▶ **Exercise data**
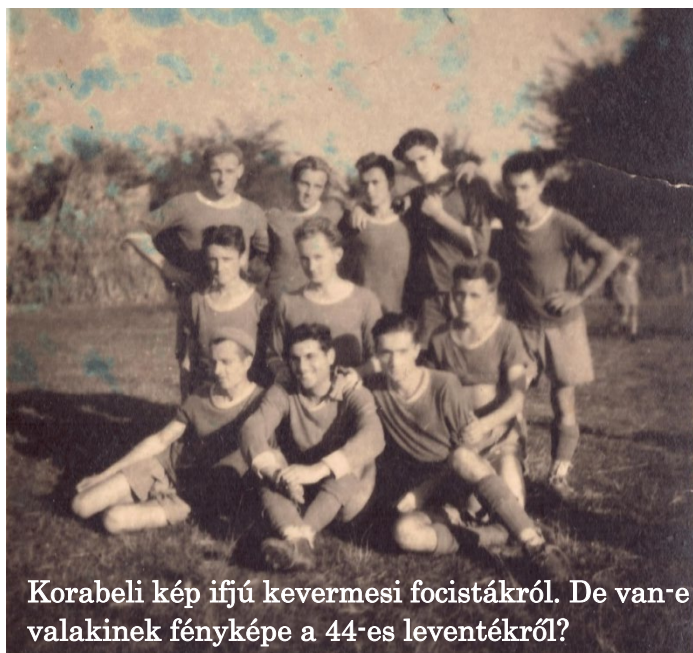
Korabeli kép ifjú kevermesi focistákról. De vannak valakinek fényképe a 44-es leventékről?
---
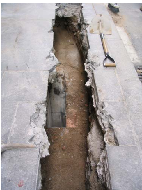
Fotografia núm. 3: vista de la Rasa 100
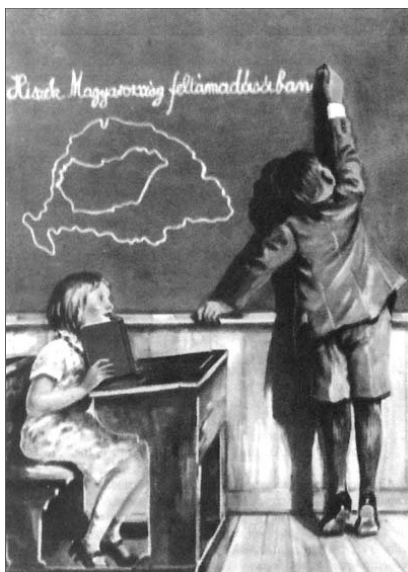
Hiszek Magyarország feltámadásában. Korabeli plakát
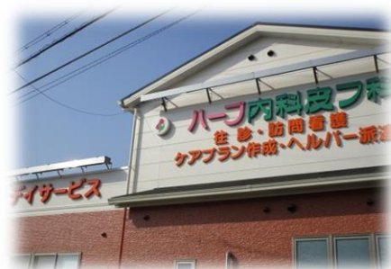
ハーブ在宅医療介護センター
...
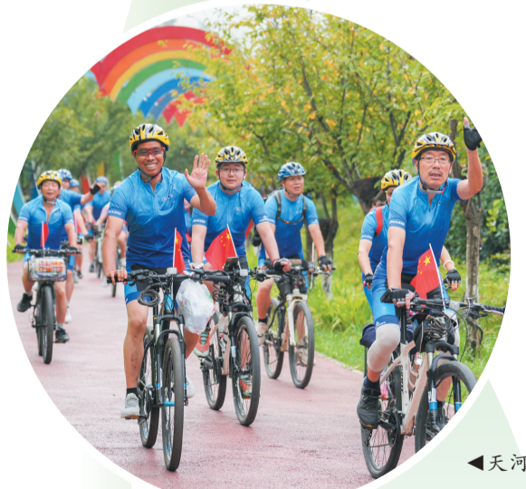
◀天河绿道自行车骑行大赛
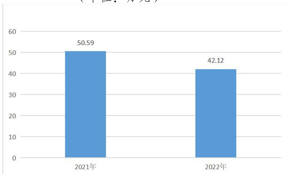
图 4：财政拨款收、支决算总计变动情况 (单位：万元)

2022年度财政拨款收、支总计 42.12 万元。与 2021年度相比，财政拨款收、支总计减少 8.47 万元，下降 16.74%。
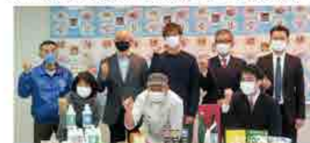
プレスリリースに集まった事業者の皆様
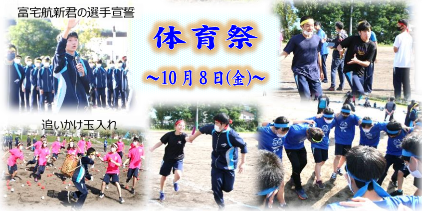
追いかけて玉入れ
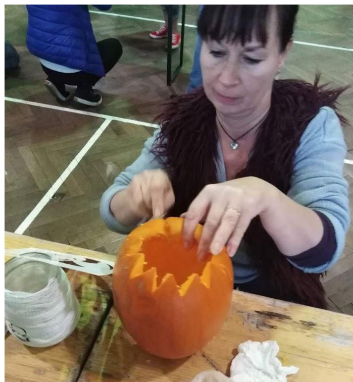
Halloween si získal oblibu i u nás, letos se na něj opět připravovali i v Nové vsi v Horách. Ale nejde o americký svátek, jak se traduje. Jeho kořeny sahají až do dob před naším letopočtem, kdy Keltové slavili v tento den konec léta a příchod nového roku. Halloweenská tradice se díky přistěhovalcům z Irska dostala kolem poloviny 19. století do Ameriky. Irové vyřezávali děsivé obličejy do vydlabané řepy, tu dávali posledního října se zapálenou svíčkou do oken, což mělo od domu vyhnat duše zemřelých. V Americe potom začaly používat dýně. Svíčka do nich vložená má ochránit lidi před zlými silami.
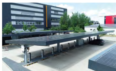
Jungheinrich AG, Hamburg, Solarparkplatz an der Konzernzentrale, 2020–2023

▶ **Goal of the exercise**
Please copy out from the data above, without any picture, exactly the lines running from the one that holds "Halloween si získal" through the one that holds "Jungheinrich AG, Hamburg, Solarparkplatz", and nothing beyond them.

▶ **Output below**
Halloween si získal oblibu i u nás, letos se na něj opět připravovali i v Nové vsi v Horách. Ale nejde o americký svátek, jak se traduje. Jeho kořeny sahají až do dob před naším letopočtem, kdy Keltové slavili v tento den konec léta a příchod nového roku. Halloweenská tradice se díky přistěhovalcům z Irska dostala kolem poloviny 19. století do Ameriky. Irové vyřezávali děsivé obličejy do vydlabané řepy, tu dávali posledního října se zapálenou svíčkou do oken, což mělo od domu vyhnat duše zemřelých. V Americe potom začaly používat dýně. Svíčka do nich vložená má ochránit lidi před zlými silami.
Jungheinrich AG, Hamburg, Solarparkplatz an der Konzernzentrale, 2020–2023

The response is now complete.